Items from a data source
——————

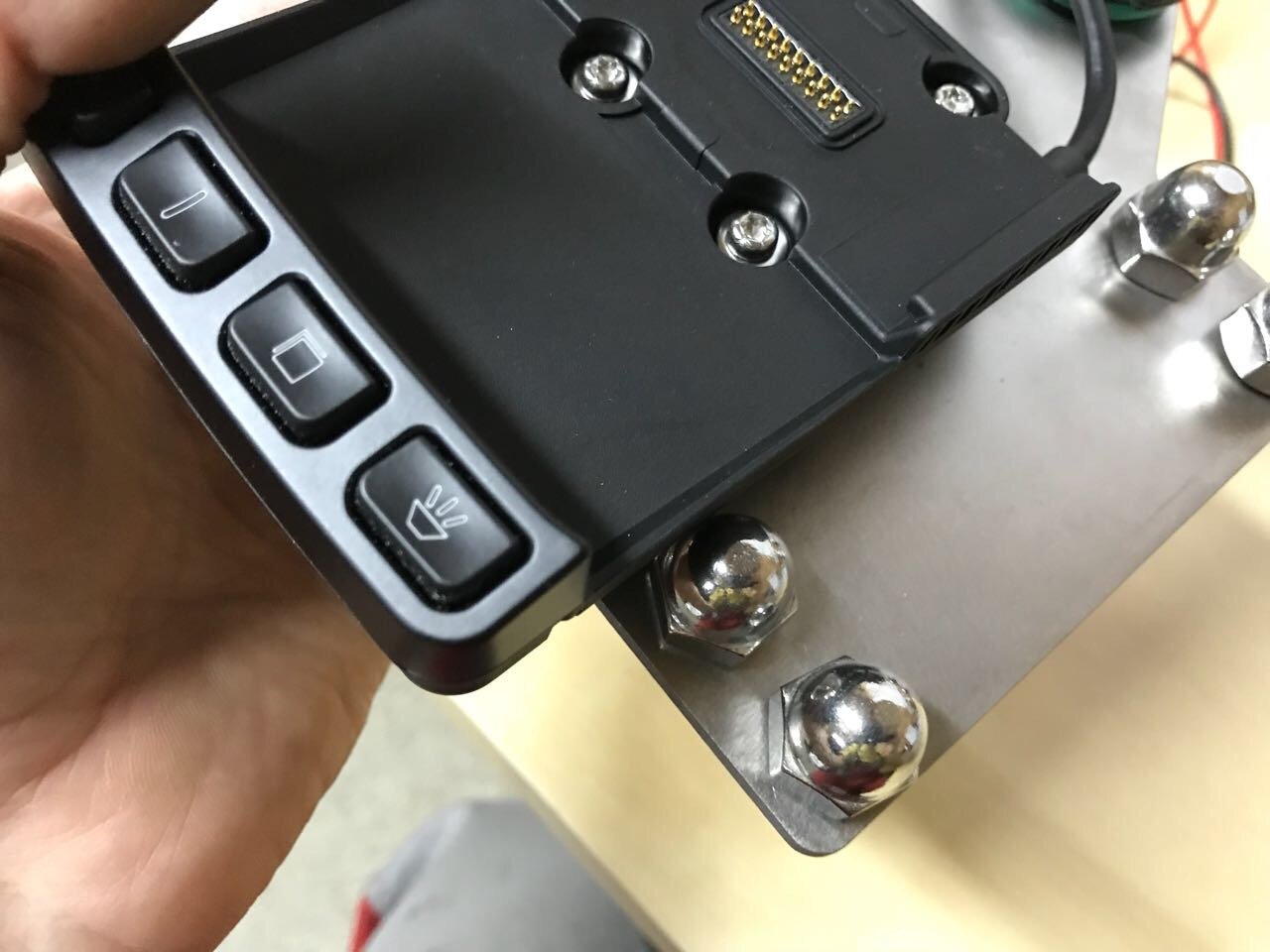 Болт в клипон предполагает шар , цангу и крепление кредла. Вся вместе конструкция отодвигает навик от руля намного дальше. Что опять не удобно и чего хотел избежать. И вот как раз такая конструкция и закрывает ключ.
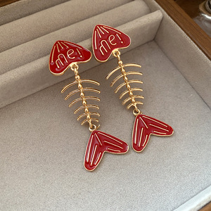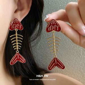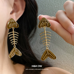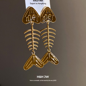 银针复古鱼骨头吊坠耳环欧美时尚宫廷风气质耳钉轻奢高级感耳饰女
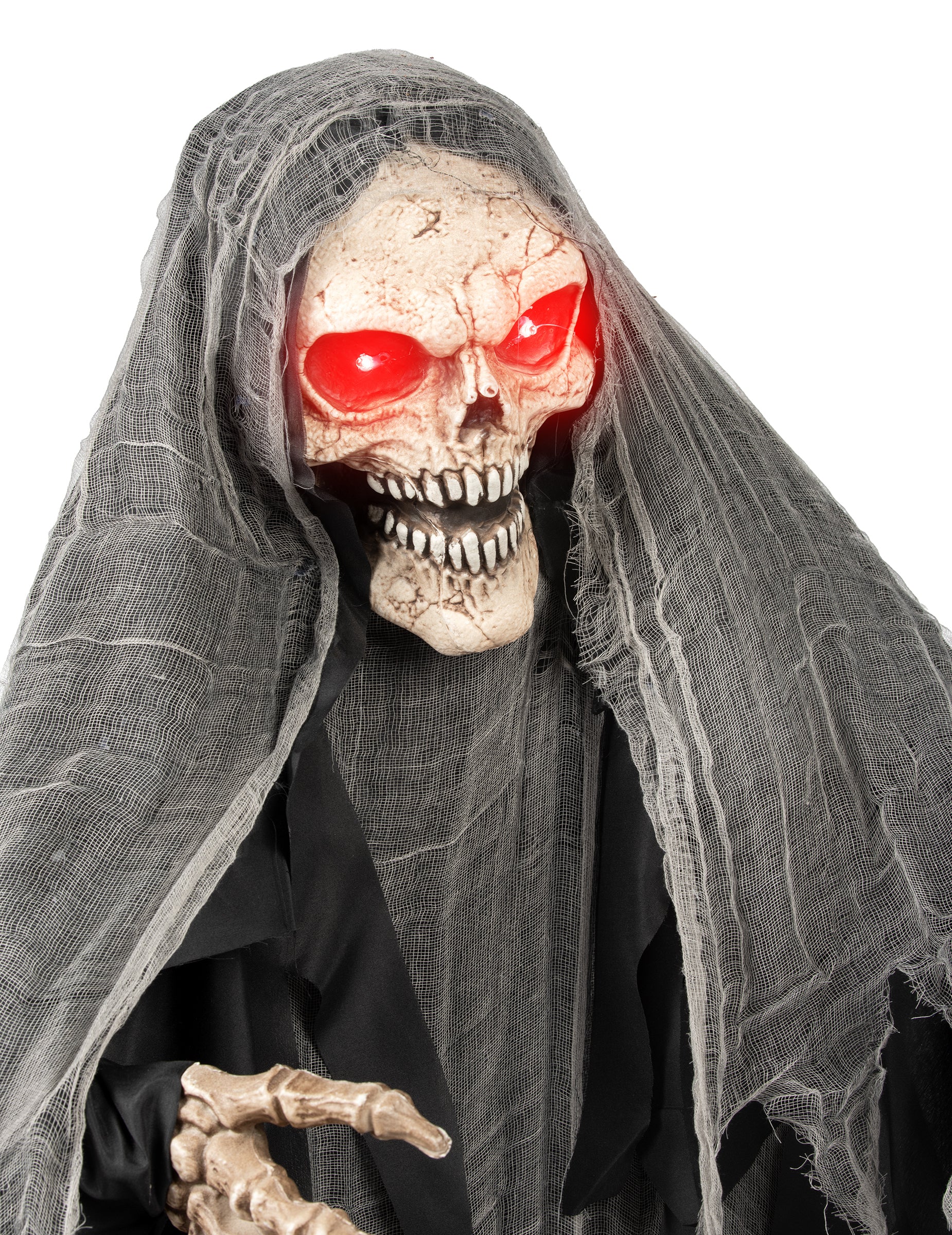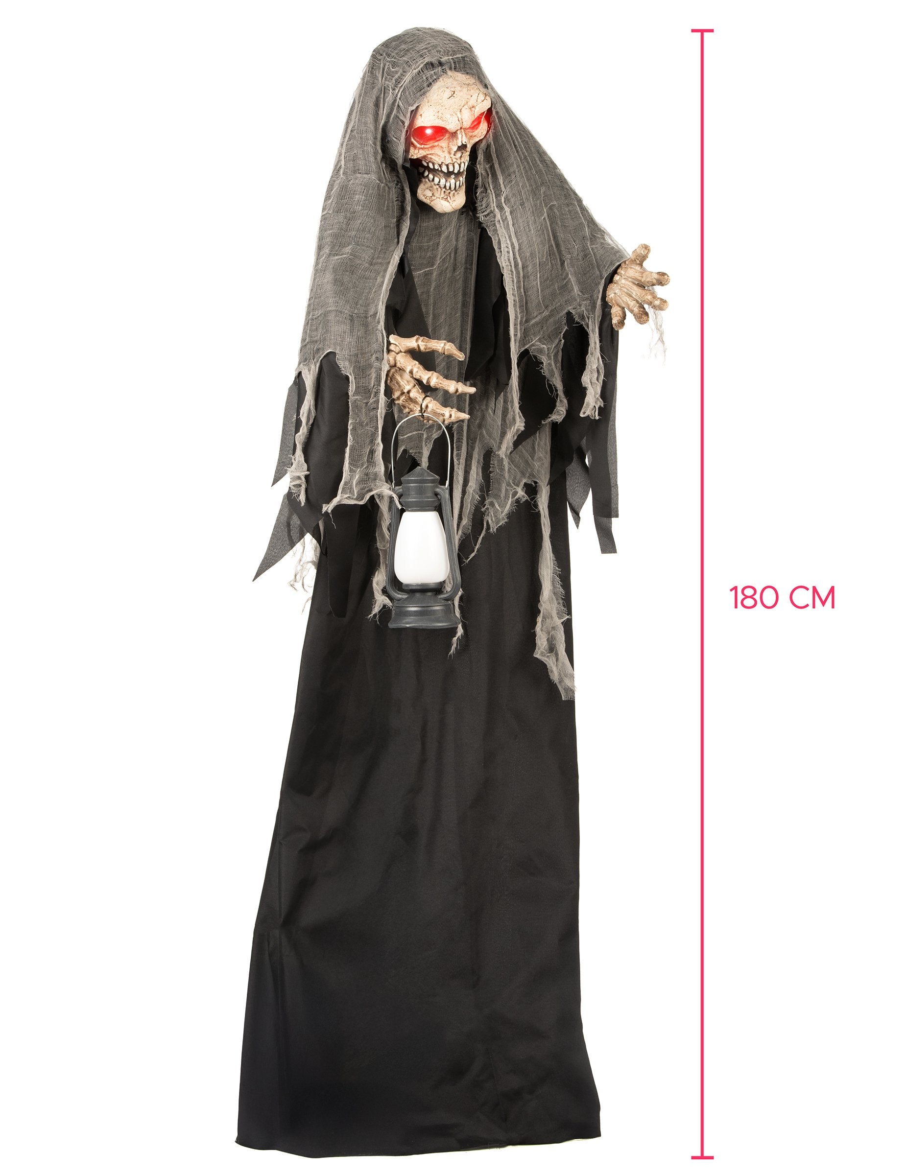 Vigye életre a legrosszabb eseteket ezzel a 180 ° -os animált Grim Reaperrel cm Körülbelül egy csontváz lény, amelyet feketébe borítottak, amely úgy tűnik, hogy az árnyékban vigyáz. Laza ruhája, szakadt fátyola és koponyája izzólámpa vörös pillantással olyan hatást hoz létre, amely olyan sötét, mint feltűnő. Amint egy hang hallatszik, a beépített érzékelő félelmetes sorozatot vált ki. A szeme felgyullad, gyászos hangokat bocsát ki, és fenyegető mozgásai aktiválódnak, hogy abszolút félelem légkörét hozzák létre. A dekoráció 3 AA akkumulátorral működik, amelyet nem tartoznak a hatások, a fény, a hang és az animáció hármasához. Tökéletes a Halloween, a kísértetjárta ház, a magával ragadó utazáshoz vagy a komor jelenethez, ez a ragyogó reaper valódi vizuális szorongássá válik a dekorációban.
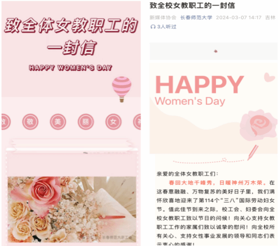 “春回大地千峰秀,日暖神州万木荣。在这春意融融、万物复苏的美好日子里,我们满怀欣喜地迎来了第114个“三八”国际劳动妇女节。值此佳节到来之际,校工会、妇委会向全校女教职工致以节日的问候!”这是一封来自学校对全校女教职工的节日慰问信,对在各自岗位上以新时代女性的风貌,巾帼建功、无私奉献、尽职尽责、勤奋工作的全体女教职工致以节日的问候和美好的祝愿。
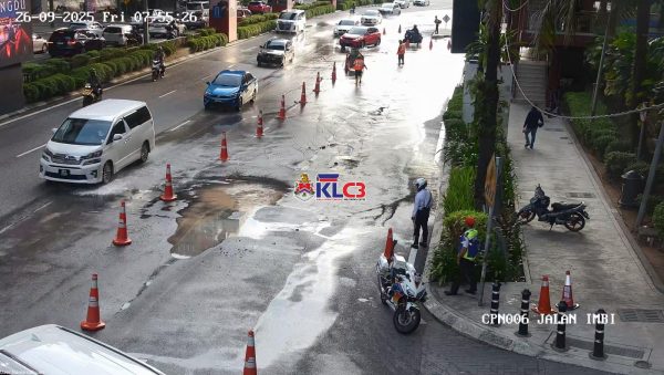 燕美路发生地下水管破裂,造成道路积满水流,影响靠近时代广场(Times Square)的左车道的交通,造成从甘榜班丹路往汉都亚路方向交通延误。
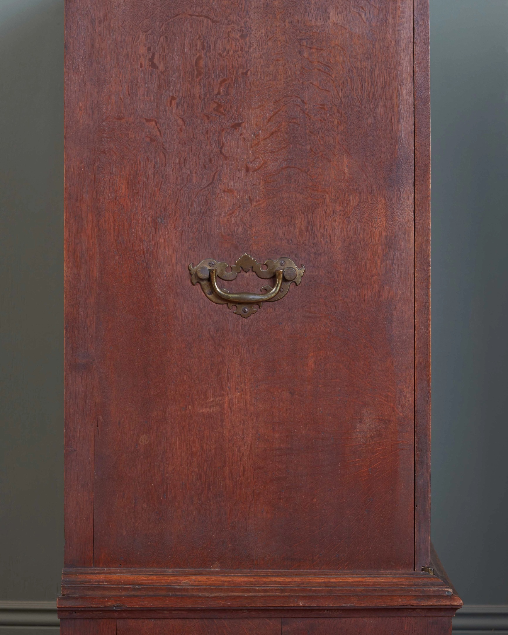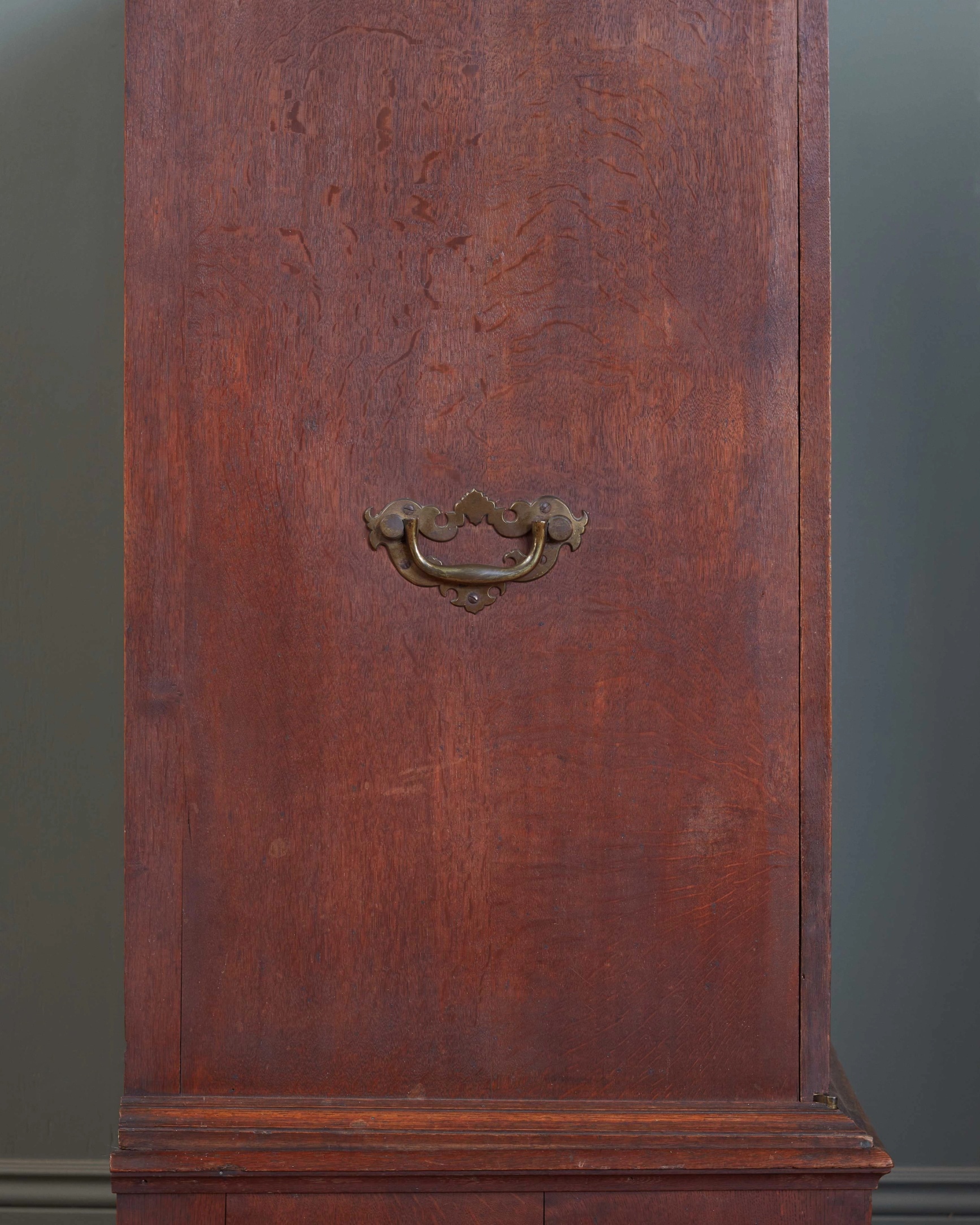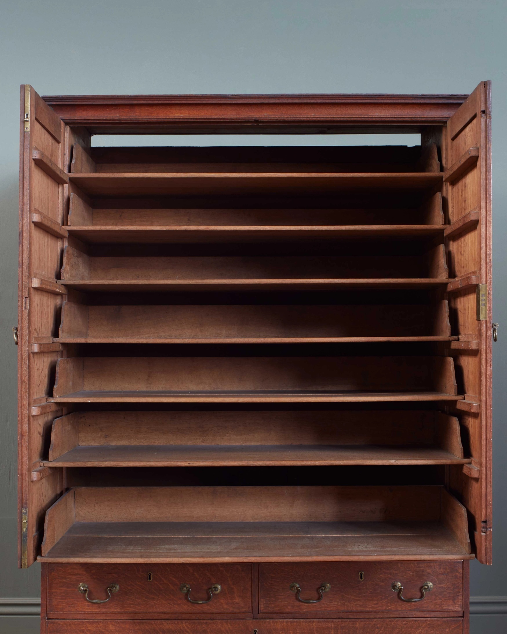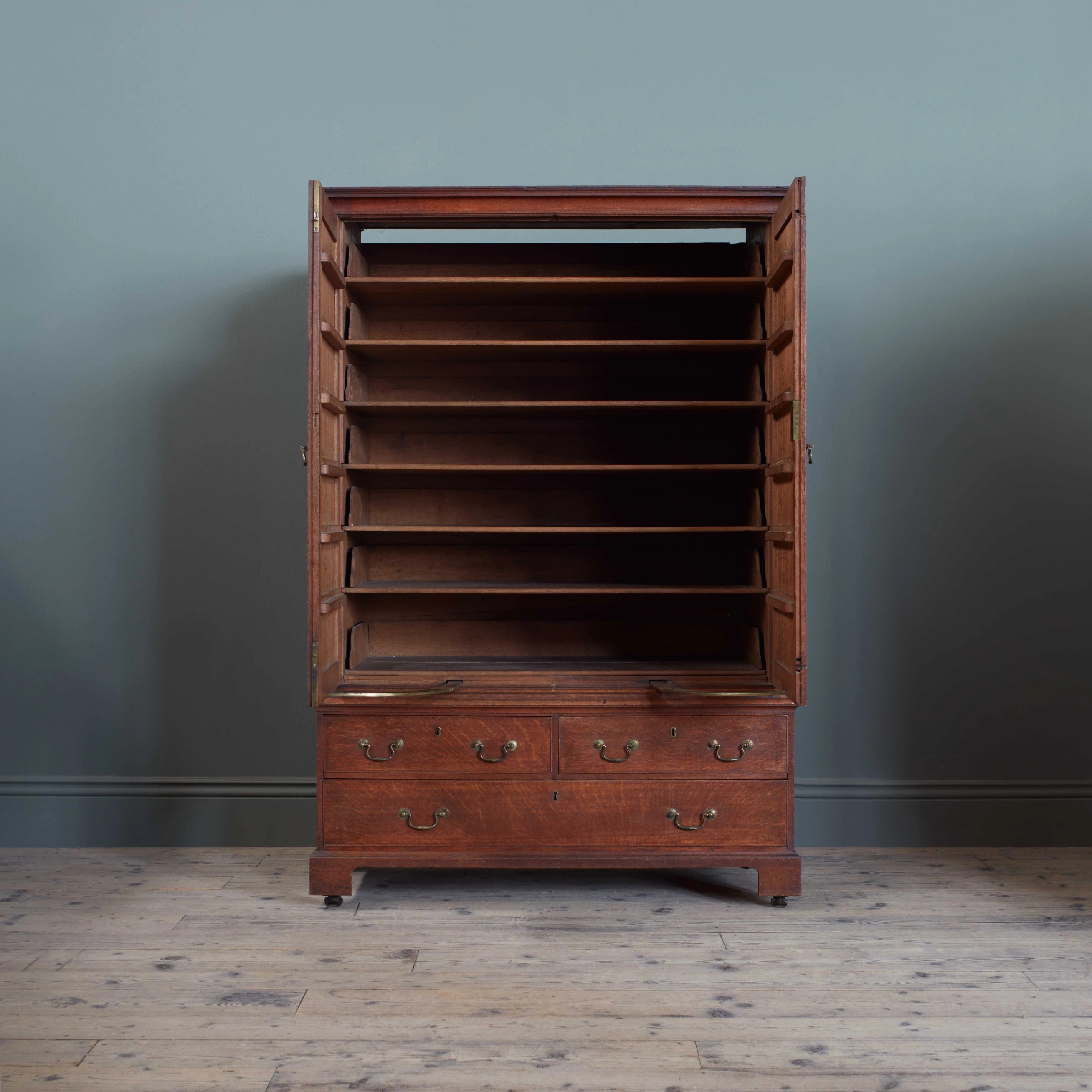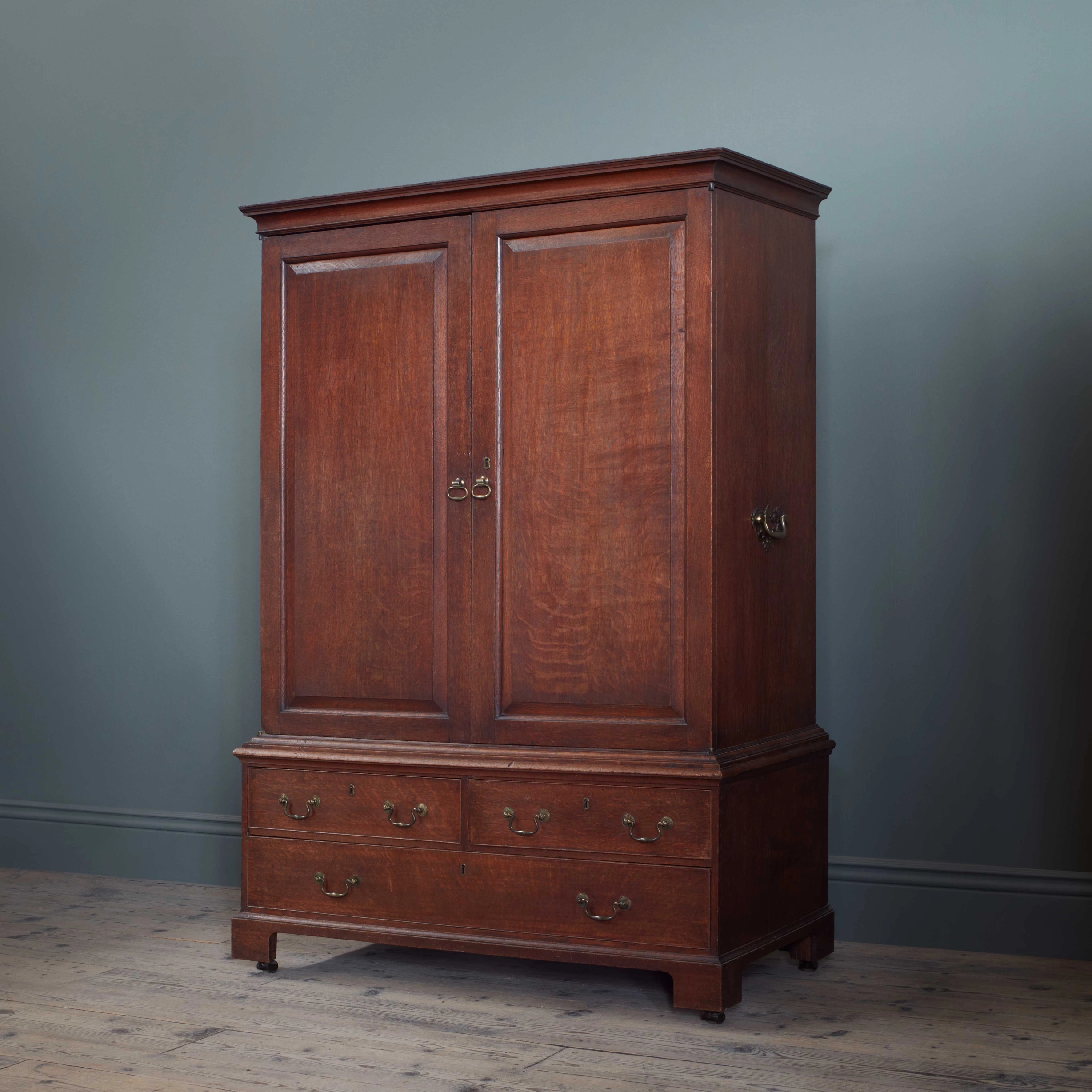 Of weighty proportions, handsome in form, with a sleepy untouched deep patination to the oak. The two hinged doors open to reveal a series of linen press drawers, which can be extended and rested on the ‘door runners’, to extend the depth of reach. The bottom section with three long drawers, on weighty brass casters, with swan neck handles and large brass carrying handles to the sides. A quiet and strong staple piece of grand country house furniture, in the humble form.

——————

* Exercise prompt: Give an exact copy of the entries, excluding all pictures.

* Finished task:
 Болт в клипон предполагает шар , цангу и крепление кредла. Вся вместе конструкция отодвигает навик от руля намного дальше. Что опять не удобно и чего хотел избежать. И вот как раз такая конструкция и закрывает ключ.
 银针复古鱼骨头吊坠耳环欧美时尚宫廷风气质耳钉轻奢高级感耳饰女
 Vigye életre a legrosszabb eseteket ezzel a 180 ° -os animált Grim Reaperrel cm Körülbelül egy csontváz lény, amelyet feketébe borítottak, amely úgy tűnik, hogy az árnyékban vigyáz. Laza ruhája, szakadt fátyola és koponyája izzólámpa vörös pillantással olyan hatást hoz létre, amely olyan sötét, mint feltűnő. Amint egy hang hallatszik, a beépített érzékelő félelmetes sorozatot vált ki. A szeme felgyullad, gyászos hangokat bocsát ki, és fenyegető mozgásai aktiválódnak, hogy abszolút félelem légkörét hozzák létre. A dekoráció 3 AA akkumulátorral működik, amelyet nem tartoznak a hatások, a fény, a hang és az animáció hármasához. Tökéletes a Halloween, a kísértetjárta ház, a magával ragadó utazáshoz vagy a komor jelenethez, ez a ragyogó reaper valódi vizuális szorongássá válik a dekorációban.
 “春回大地千峰秀,日暖神州万木荣。在这春意融融、万物复苏的美好日子里,我们满怀欣喜地迎来了第114个“三八”国际劳动妇女节。值此佳节到来之际,校工会、妇委会向全校女教职工致以节日的问候!”这是一封来自学校对全校女教职工的节日慰问信,对在各自岗位上以新时代女性的风貌,巾帼建功、无私奉献、尽职尽责、勤奋工作的全体女教职工致以节日的问候和美好的祝愿。
 燕美路发生地下水管破裂,造成道路积满水流,影响靠近时代广场(Times Square)的左车道的交通,造成从甘榜班丹路往汉都亚路方向交通延误。
 Of weighty proportions, handsome in form, with a sleepy untouched deep patination to the oak. The two hinged doors open to reveal a series of linen press drawers, which can be extended and rested on the ‘door runners’, to extend the depth of reach. The bottom section with three long drawers, on weighty brass casters, with swan neck handles and large brass carrying handles to the sides. A quiet and strong staple piece of grand country house furniture, in the humble form.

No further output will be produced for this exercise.